#### Exercise instructions
The expected output is the full set of entries, retyped verbatim, pictures excluded.

═══ Provided material ═══

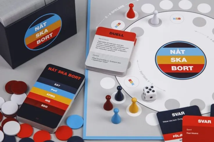Nåt Ska Bort är ett utmanande frågespel där det gäller att veta vilket av fem alternativ som inte hör ihop med de andra. Svarar du dessutom rätt på kluriga följdfrågor får du lägga ut marker på spelplanen. Hamnar din spelpjäs på en motståndares marker blir det duell. Då gäller det att blixtsnabbt svara rätt, eller att ha is i magen och hoppas på motspelarens misstag. Den spelare som först lyckats placera ut alla sina marker på spelplanen har vunnit!
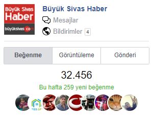 1 hafta içerisinde gönderilerimiz Sivas Sevdalıları sayfamızda 351.000'den fazla etkileşim almışken, bu sayı Büyük Sivas Haber'de 107.000'den fazla... Yani toplamda Facebook hesaplarımızdan yaptığımız paylaşımların 1 haftada 450.000'den fazla etkileşim elde ettiği görülüyor.
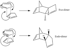 Theoretically, cyclopentadiene could dimerise to form one of two diesteroisomers, either the exo- or the endo-dimer via a Diels-alder π4s + π2s cycloaddition (figure 1). However, experimentally, the dimerisation procedes with specific formation of the endo- dimer rather than the exo-.
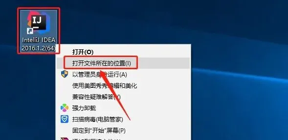 9.在桌面找到【IntelliJ IDEA 2016.1.2】图标,鼠标右击选择【打开文件所在的位置】。
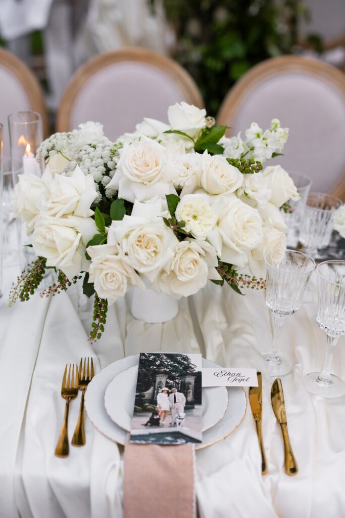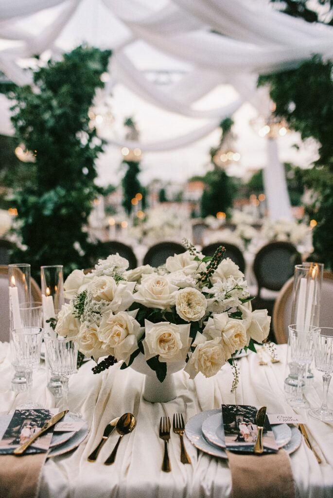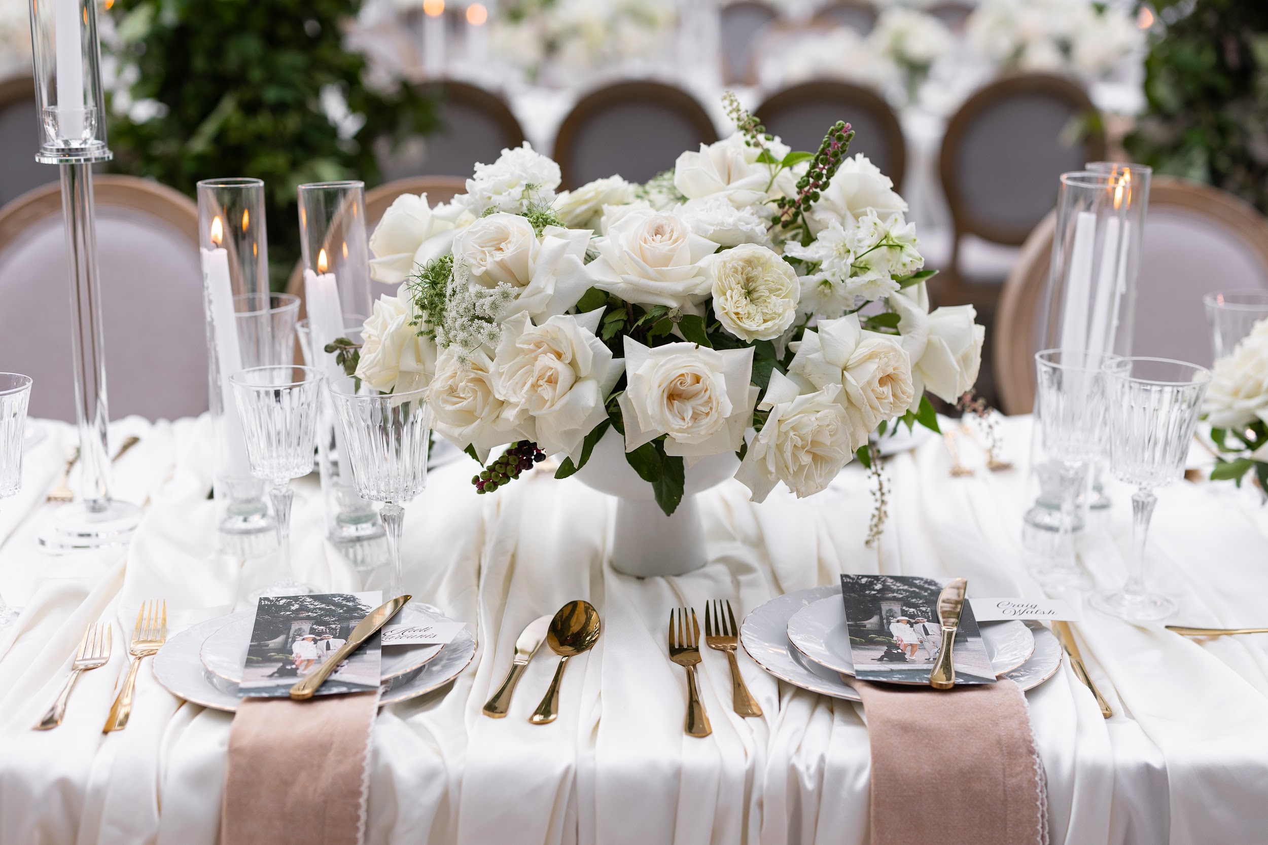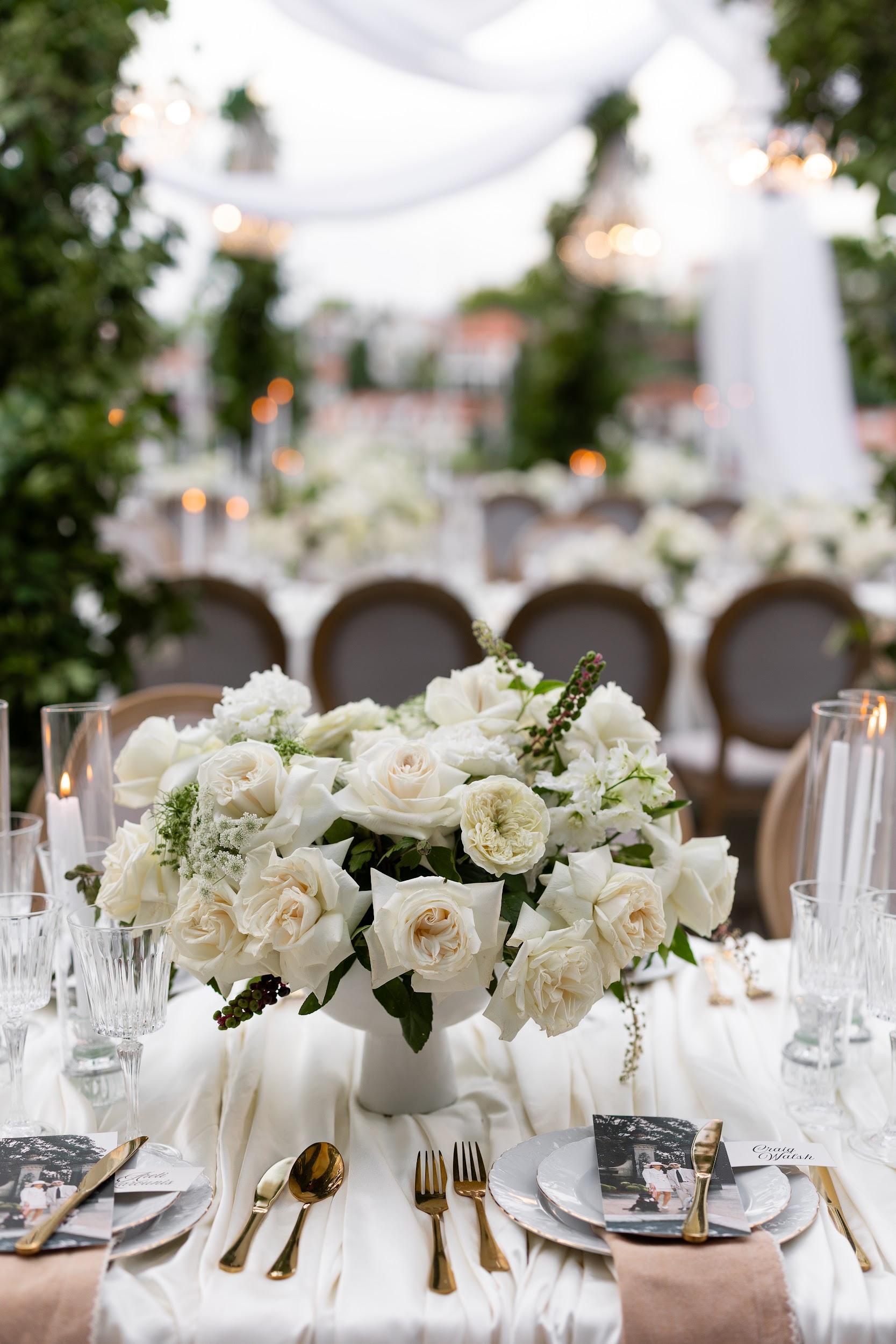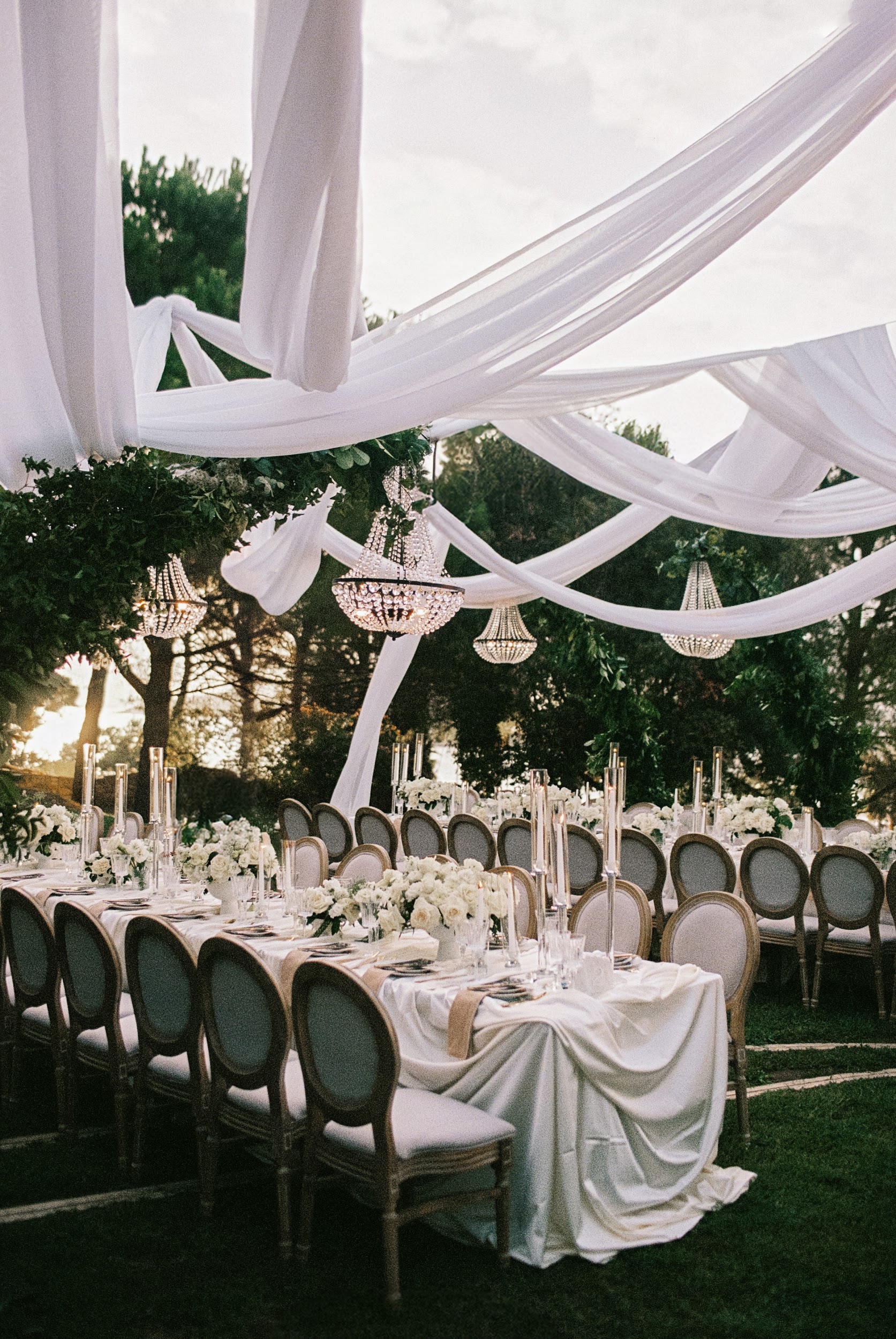 As evening fell, the reception space transformed into something extraordinary. Flowing white drapery cascaded overhead, intertwined with greenery and crystal chandeliers that glowed softly as the sun disappeared. Tables were dressed in layered textures — crisp linens, soft runners, gold cutlery, and low white floral arrangements that felt lush but restrained. Candlelight reflected gently off glassware, creating a warm, intimate glow beneath the canopy. It was elegant without being stiff — elevated without trying too hard. Dinner was an experience in itself — thoughtfully curated and deeply rooted in local excellence:

═══

#### Exercise output
Nåt Ska Bort är ett utmanande frågespel där det gäller att veta vilket av fem alternativ som inte hör ihop med de andra. Svarar du dessutom rätt på kluriga följdfrågor får du lägga ut marker på spelplanen. Hamnar din spelpjäs på en motståndares marker blir det duell. Då gäller det att blixtsnabbt svara rätt, eller att ha is i magen och hoppas på motspelarens misstag. Den spelare som först lyckats placera ut alla sina marker på spelplanen har vunnit!
 1 hafta içerisinde gönderilerimiz Sivas Sevdalıları sayfamızda 351.000'den fazla etkileşim almışken, bu sayı Büyük Sivas Haber'de 107.000'den fazla... Yani toplamda Facebook hesaplarımızdan yaptığımız paylaşımların 1 haftada 450.000'den fazla etkileşim elde ettiği görülüyor.
 Theoretically, cyclopentadiene could dimerise to form one of two diesteroisomers, either the exo- or the endo-dimer via a Diels-alder π4s + π2s cycloaddition (figure 1). However, experimentally, the dimerisation procedes with specific formation of the endo- dimer rather than the exo-.
 9.在桌面找到【IntelliJ IDEA 2016.1.2】图标,鼠标右击选择【打开文件所在的位置】。
 As evening fell, the reception space transformed into something extraordinary. Flowing white drapery cascaded overhead, intertwined with greenery and crystal chandeliers that glowed softly as the sun disappeared. Tables were dressed in layered textures — crisp linens, soft runners, gold cutlery, and low white floral arrangements that felt lush but restrained. Candlelight reflected gently off glassware, creating a warm, intimate glow beneath the canopy. It was elegant without being stiff — elevated without trying too hard. Dinner was an experience in itself — thoughtfully curated and deeply rooted in local excellence:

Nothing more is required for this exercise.